Did you run the following code?
python3 demo.py --checkpoint=./weights/simpleclick_models/cocolvis_vit_huge.pth --gpu 0
It has no issue for me. Could you provide the detailed error info?
@qinliuliuqin I can use negative click point for this model ?
@qinliuliuqin I can use negative click point for this model ?
Yes, of course.
@qinliuliuqin
Thank you. I just test demo. Right click is nagative point.
I have some other question :
1, How you create positive , negative , Prev. Mask and gt for training ?
2, In paper, Input are image + (Clicks + Prev. Mask). What is Prev. Mask . Is binary image of previous predict ?
3, What are ['NoBRS', 'RGB-BRS', 'DistMap-BRS', 'f-BRS-A', 'f-BRS-B', 'f-BRS-C'] ?
@qinliuliuqin Thank you. I just test demo. Right click is nagative point. I have some other question : 1, How you create positive , negative , Prev. Mask and gt for training ? 2, In paper, Input are image + (Clicks + Prev. Mask). What is Prev. Mask . Is binary image of previous predict ? 3, What are ['NoBRS', 'RGB-BRS', 'DistMap-BRS', 'f-BRS-A', 'f-BRS-B', 'f-BRS-C'] ?
Hi @ThorPham, Thanks for your questions.
- This line shows how to create pos and neg clicks during training. This line shows that we concatenate the image and the previous mask (i.e. a probability map), along with the click masks, as the network input.
- See here. The previous mask is a probability map obtained by the model in the evaluation mode.
- We only tested 'NoBRS' mode. Forget about other modes-they are inherited from RITM.
@qinliuliuqin thank you for your support.
What is preprocessing of click point . It's mask binary mask or you create distance map . And how to you add it in model.
In paper, I see you concat image + prev mask . Do you add click point ?
@qinliuliuqin thank you for your support. What is preprocessing of click point . It's mask binary mask or you create distance map . And how to you add it in model. In paper, I see you concat image + prev mask . Do you add click point ?
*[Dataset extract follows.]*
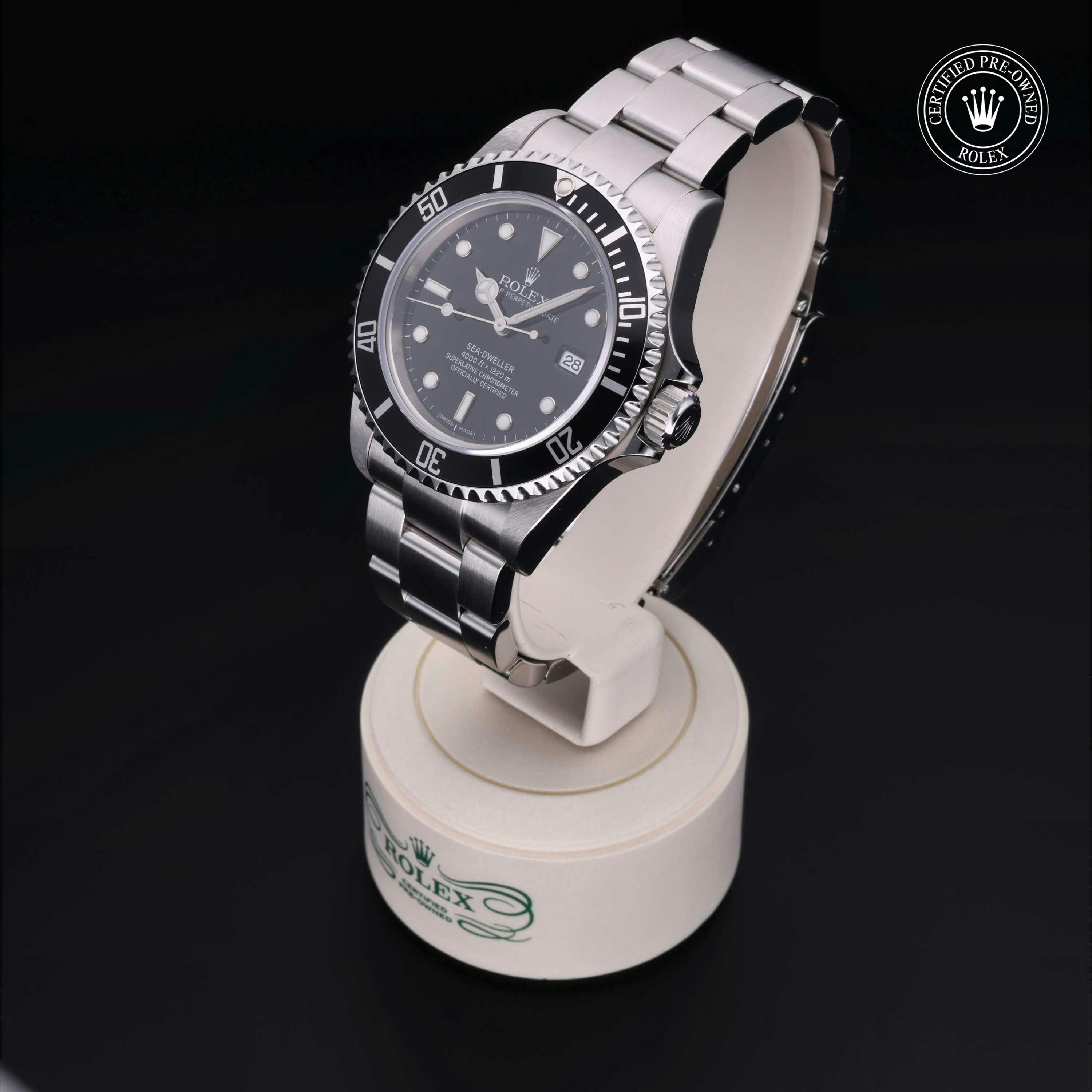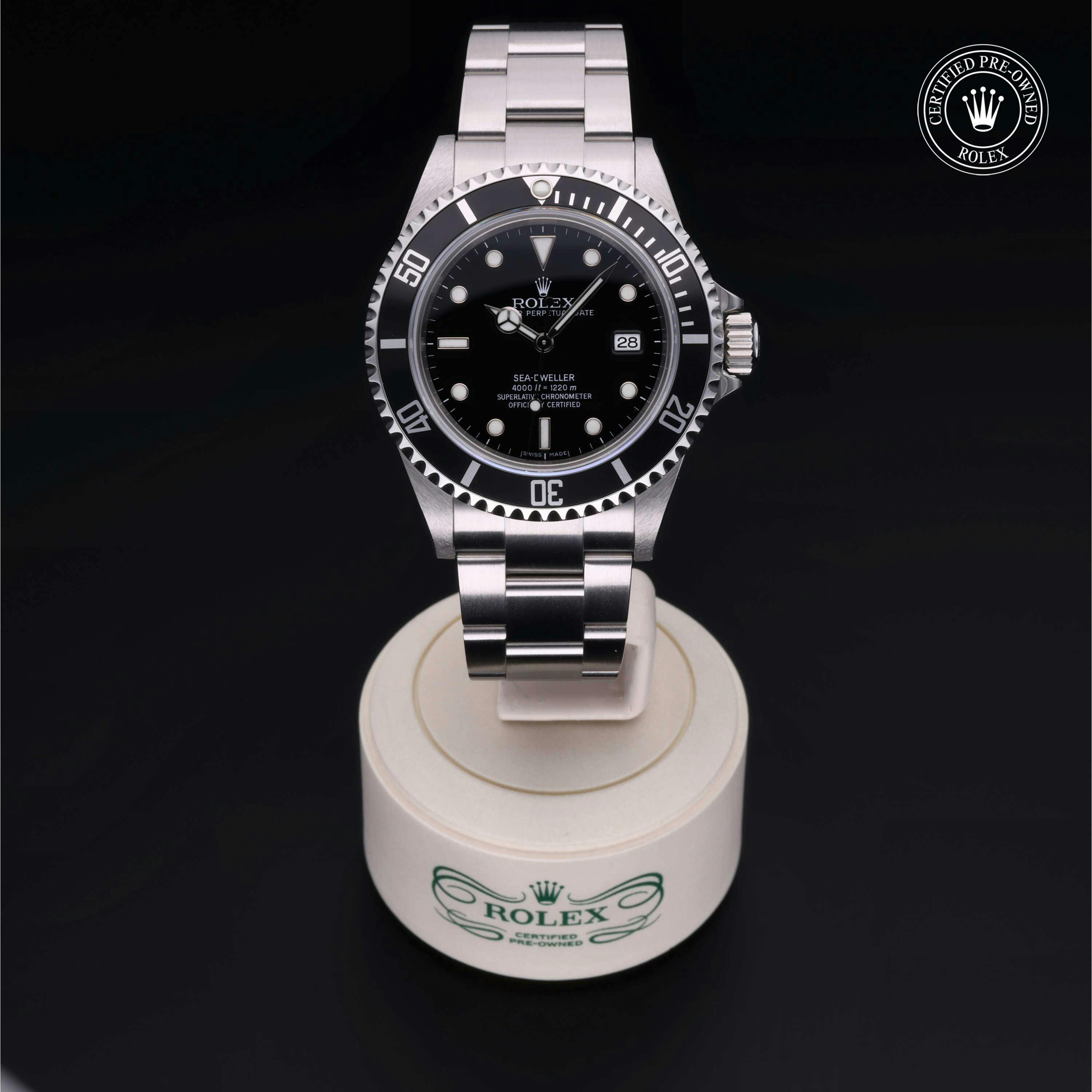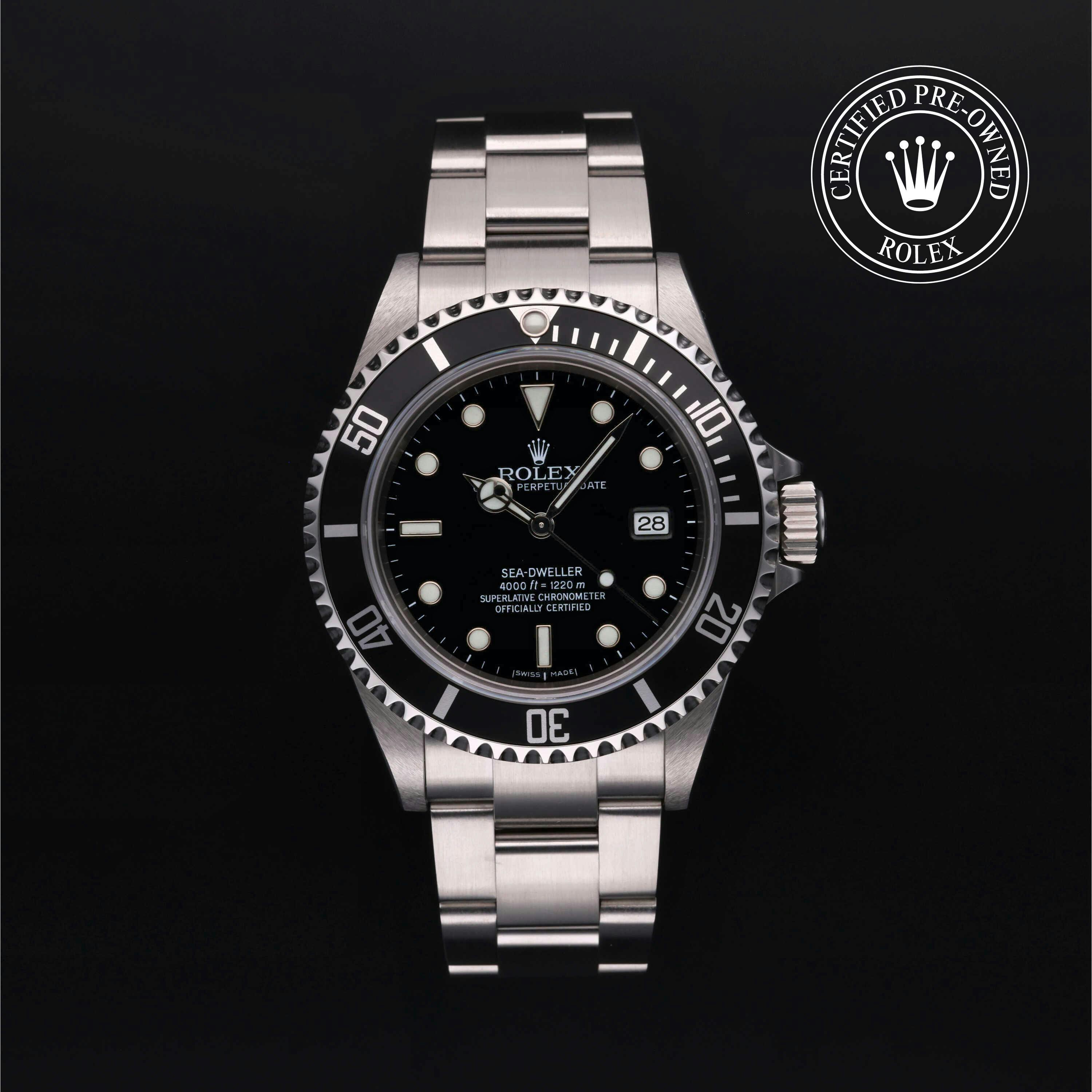Rolex Certified Pre-Owned Oyster Perpetual Sea-Dweller (16600) self - winding automatic watch, features a 40mm stainless steel case with a stainless steel and black aluminium insert surrounding a black dial. The watch is secured on a stainless steel Oyster bracelet complete with a folding buckle. Functions include hours, minutes, seconds and date. This watch has been serviced by an authorized service center and certified by Rolex. It comes with the original box and papers as well as a custom Rolex Certified Pre-Owned hang tag, travel pouch and international warranty card.

Hi @ThorPham, the clicks (i.e coordinates) are encoded as a 2-channel binary mask, one for positive clicks and one for negative clicks. Each click is represented as a disk on the binary mask. We concatenate the click mask (2 channels), prev mask (1 channel), and RGB image (3 channels) to form a 6-channel input. Since we want to reuse the pretrained ViT, whose patch embedding layer only accepts 3-channel input, we add one more patch embedding layer and split the 6-channel input into two groups (each group has 3 channels, as shown in Fig. 1). In this way, we can turn the plain ViT backbone into an iSeg backbone with minimal changes.
@qinliuliuqin Thank you so much.